None of the hotels had any tourism promotion of any kind. No one in Umuahia offered guests, including on this trip many guests from the South West and South-South as well as renowned journalists and educators, any journey to tourism spots in Umuahia or Aba. The government’s tourism promotion agency should have at least information desks in the more hotels. Such desks are standard in South Africa, Kenya, and even Ghana.

The hotels are vibrant with patronage. Do hotels reflect the economy, or are they bubble zones removed from the reality of the larger society? Big debate. However, the construction standards speak to the desirable.

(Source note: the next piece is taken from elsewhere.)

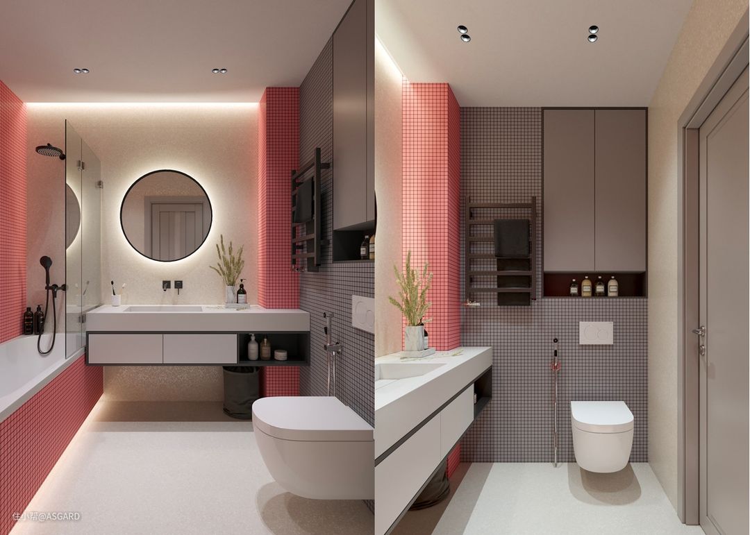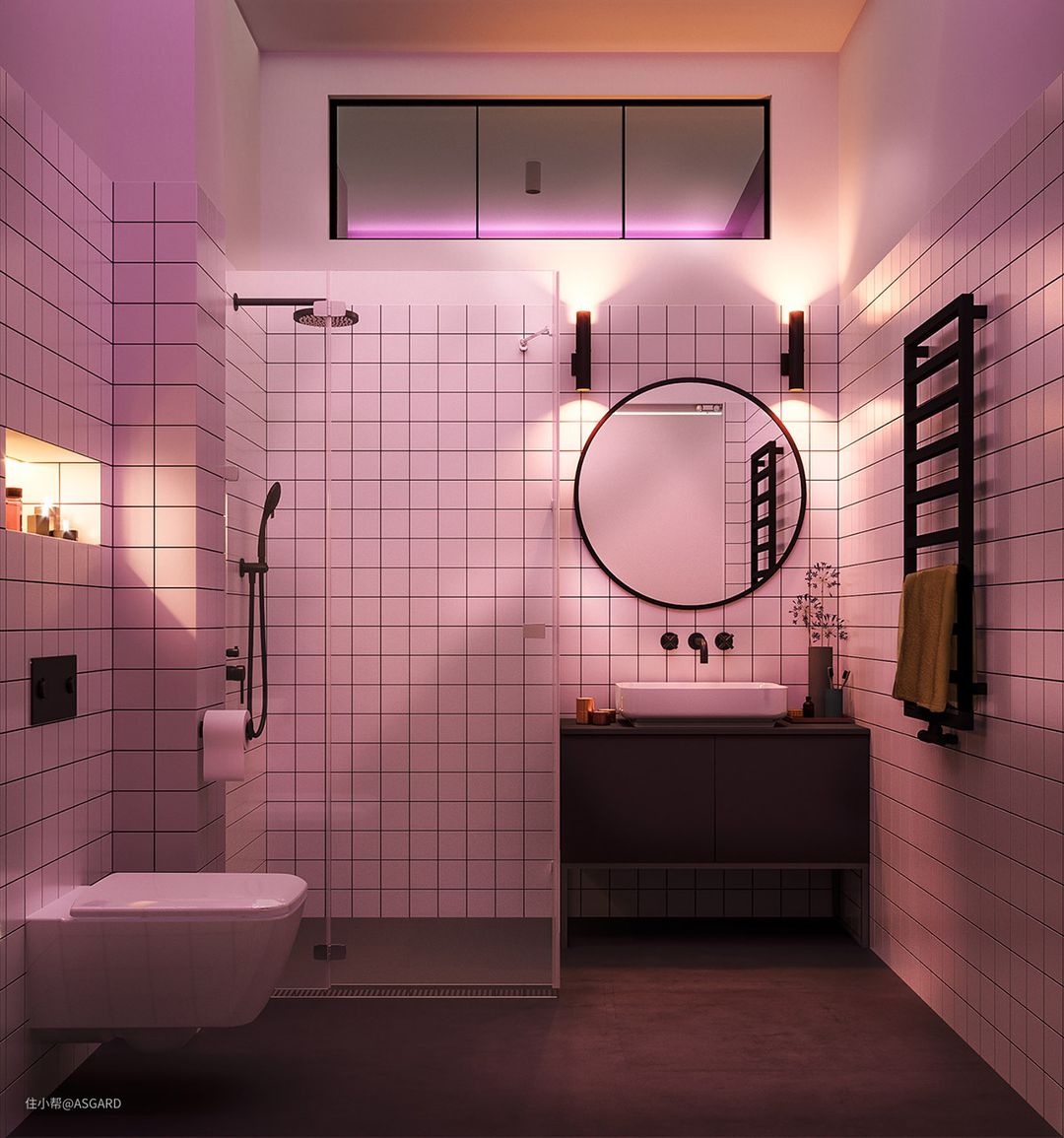 心情的切换点亮了粉红色和白色的浴室主意。这次将粉红色的墙壁推向侧面,以使大气照明将白色的洗手盆墙壁冲洗下来。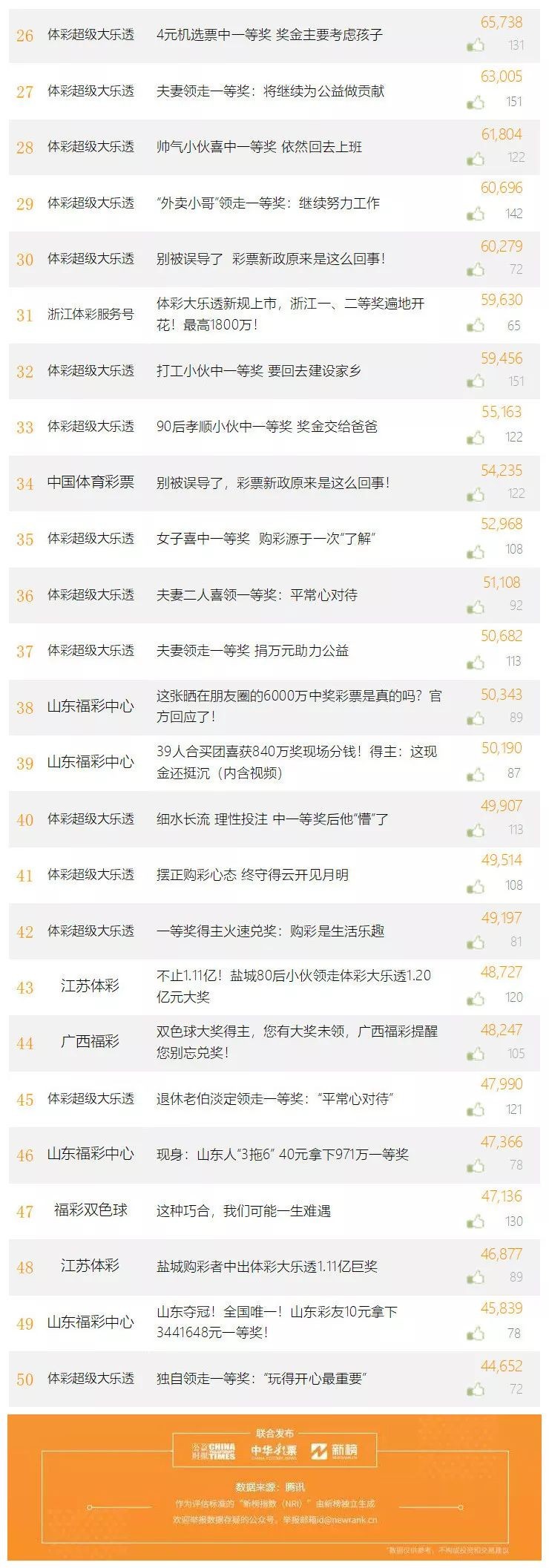 公益时报中华彩票将联合新榜推出彩票行业新媒体影响力指数--“彩榜指数”。

Have you booked your accommodation and tourist site for Easter 2023?

About hotels

The primary purpose of hotels is to provide travellers with shelter, food, refreshment, and similar services and goods, offering things furnished within households but unavailable to people on a journey away from home, says Encyclopedia.com

“Historically, hotels have also taken on many other functions, serving as business exchanges, sociability centres, public assembly and deliberation, decorative showcases, political headquarters, vacation spots, and permanent residences”, it adds.

Globally, hotels as industry and institutions transformed travel, creating new areas of activity while extending the influence of urban culture. Great hotels have contributed to the beautification of the landscape of their cities. They are also an index of real estate, construction standards and modelling other virtues.

Significantly, hotels speak to the living standards of a city. You can tell about the living index of a city by the quality and type of hotels within it. It may even be aspirational.

Nicon Noga Hilton Hotel opened to great acclamation in 1986 in Abuja for bearing the hopes and visions of a capital city in the making. It was huge, classy, and international standard. Yet, Abuja was a city in the making.